Post-Authorship Attribution Using Regularized Deep Neural Network

Appl. Sci. 2022, 12(15), 7518; https://doi.org/10.3390/app12157518
by Abiodun Modupe 1,2,*, Turgay Celik 3, Vukosi Marivate 1 and Oludayo O. Olugbara 4
Reviewer 1: Anonymous
Reviewer 2:
Reviewer 3:
Appl. Sci. 2022, 12(15), 7518; https://doi.org/10.3390/app12157518
Submission received: 2 May 2022 / Revised: 16 June 2022 / Accepted: 20 June 2022 / Published: 26 July 2022
(This article belongs to the Special Issue Application of Machine Learning in Text Mining)

Round 1

Reviewer 1 Report

  1. The article needs an English review. For example, there are several long sentences in the Abstract.
  2. The motivation of the work is not string. Please make the motivation stronger in the Introduction section
  3. Related work section needs to be modified to summarize the previous studies with their results. For example, 10 references are listed in one line ( … and 101 structural [21-22,24,26,36,43-47]).
  4. What are the main limitations of related work and how are the authors going to address these limitations?
  5. Regarding the method in Figure 1, is this a new method proposed in this study or an old one?
  6. How are the hyperparameters of deep learning models tuned?
  7. The deep learning models need more details. How are they designed? What are the parameters used?
  8. It is good to study the complexity of the proposed models. There should be a tradeoff between complexity and accuracy

Author Response

Reviewer #1:

  1. The article needs an English review. For example, there are several long sentences in the Abstract.

            Response

Thank you so much for your comments. The abstract section is thoroughly revised considering your valuable suggestion. Hopefully, you will find it logical.

 

  1. The motivation of the work is not string. Please make the motivation stronger in the Introduction section.

            Response

Thank you so much for your suggestion. We have restructured the introduction with strong motivation in the revised manuscript for better understanding and to reflect the actual contribution of the study. Hopefully, now you will find it rational.

 

  1. Related work section needs to be modified to summarize their key features in previous studies with their results. For example, 10 references are listed in one line ( … and 101 structural [21-22,24,26,36,43-47]).

            Response

We very much appreciate the suggestion, and we have updated related works with additional recent publications not only suggested by the reviewers but many others. The 10 references listed by the reviewers have been updated and are reflected in the revised version of the manuscript.
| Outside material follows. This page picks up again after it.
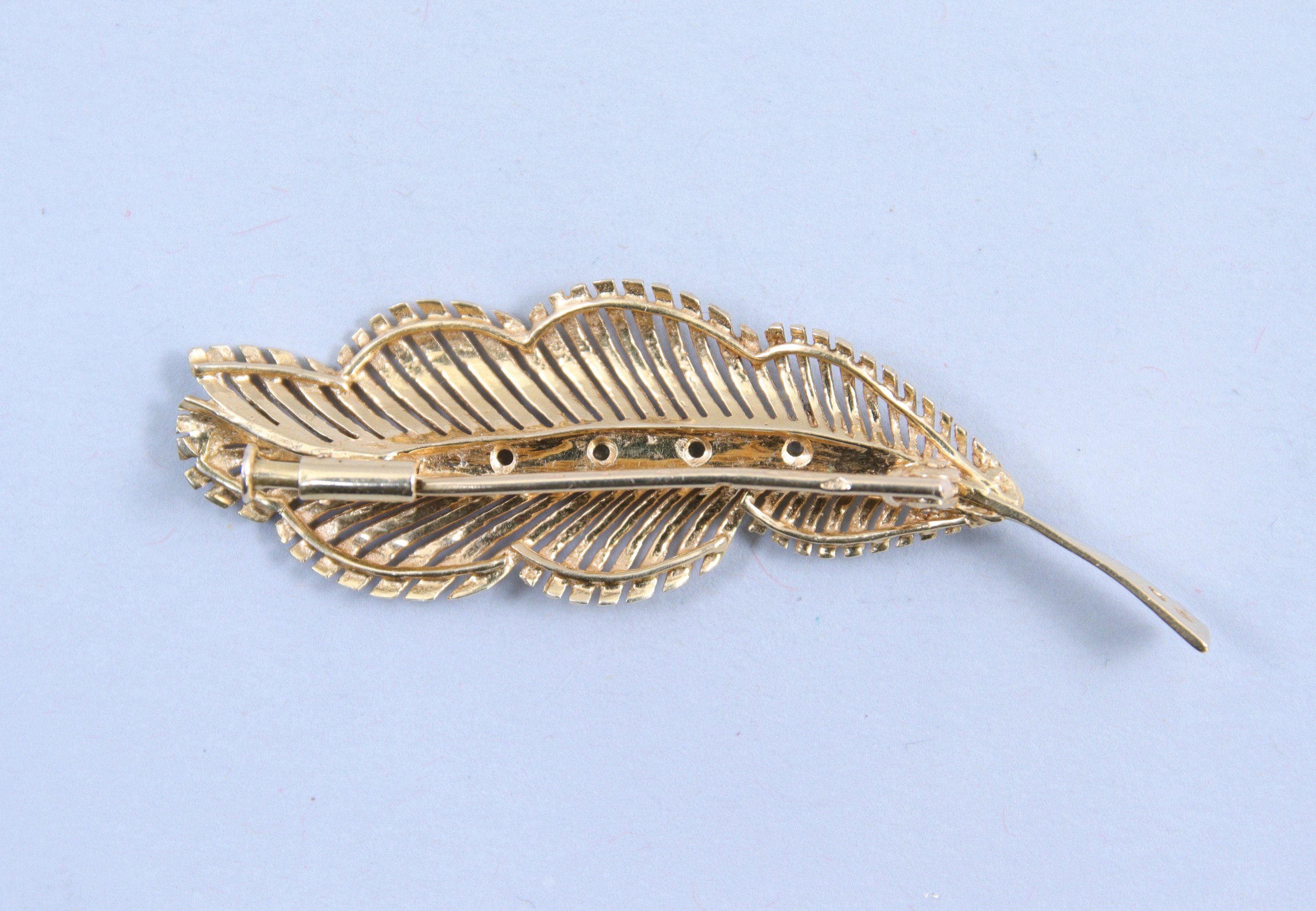 Broche plume en or jaune 750 millièmes,

  1. What are the main limitations of related work and how are the authors going to address these limitations?

            Response

We have taken this comment into full consideration, and the limitations of the previous work have been addressed thoroughly in the literature section, and how the limitations were addressed. We also provide a comparison based on common characteristics in Table 1. Hopefully, you will find it justified.

 

  1. Regarding the method in Figure 1, is this a new method proposed in this study or an old one?

            Response

Figure 1 shows the proposed RDNN system crafted by us and well explained in this version of the manuscript.

 

  1. How are the hyperparameters of deep learning models tuned?

           

Response

Thank you so much for your valuable suggestion. The early stooping was used, and optimized hyperparameters for each dataset are described in Table 3. Because cross-validation is prohibitively expensive, we used a 5-fold cross-validation method with a Keras tuner for hyperparameter search as a pre-fold run time for the model with 10% randomly split off as a stratified test. This has been expressed thoroughly in section 4.2.

 

  1. The deep learning models need more details. How are they designed? What are the parameters used?

            Response

            Thank you so much for the suggestion. We have thoroughly made a clear description of the proposed RDNN method in Section 3 for improving the accuracy of the PAA system.  

            How are they designed?

            Response

The study principally aimed to develop a regularized deep neural network (RDNN) for improving post-authorship attribution (PAA) accuracy. The method has been designed in a three-layer architectural PAA system (Figure 1). The system consists of a CNN character level layer, a distributed highway network (DHN) with bi-directional long short-term memory (BLSTM) DHN‑BLSTM layer, and a feature classification layer. The purpose of agglutinating the CNN character-level, DHN, and BLSTM was to achieve a PAA system with better classification performance, faster convergence speed, and high precision visualization capability in Section 3.

 

What are the parameters used?

 

Response

 

Thank you so much for the comment. We have entirely summarized the hyperparameter settings for each dataset in Table 3. We hope you will find it justified.

 

  1. It is good to study the complexity of the proposed models. There should be a tradeoff between complexity and accuracy?

            Response

            Thank you so much for the feedback. In the revised manuscript, we have added more information about the complexity of the proposed RDNN model from an accuracy and explainability perspective. However, the limited days given to us for revision do not favor the rerunning of codes to determine the running time of the proposed algorithm. We hope you will find it justified in Section 4.3.1.

Reviewer 2 Report

This paper presents an approach for post authorship attribution using a combination of different deep learning architectures (CNN, encoder-decoder BLSTM, highway nets and dense). Based on the results presented in the manuscript (Table 4 for instance) the proposed methods achieves better performance (accuracy and F1 score) in three out of 4 datasets explored.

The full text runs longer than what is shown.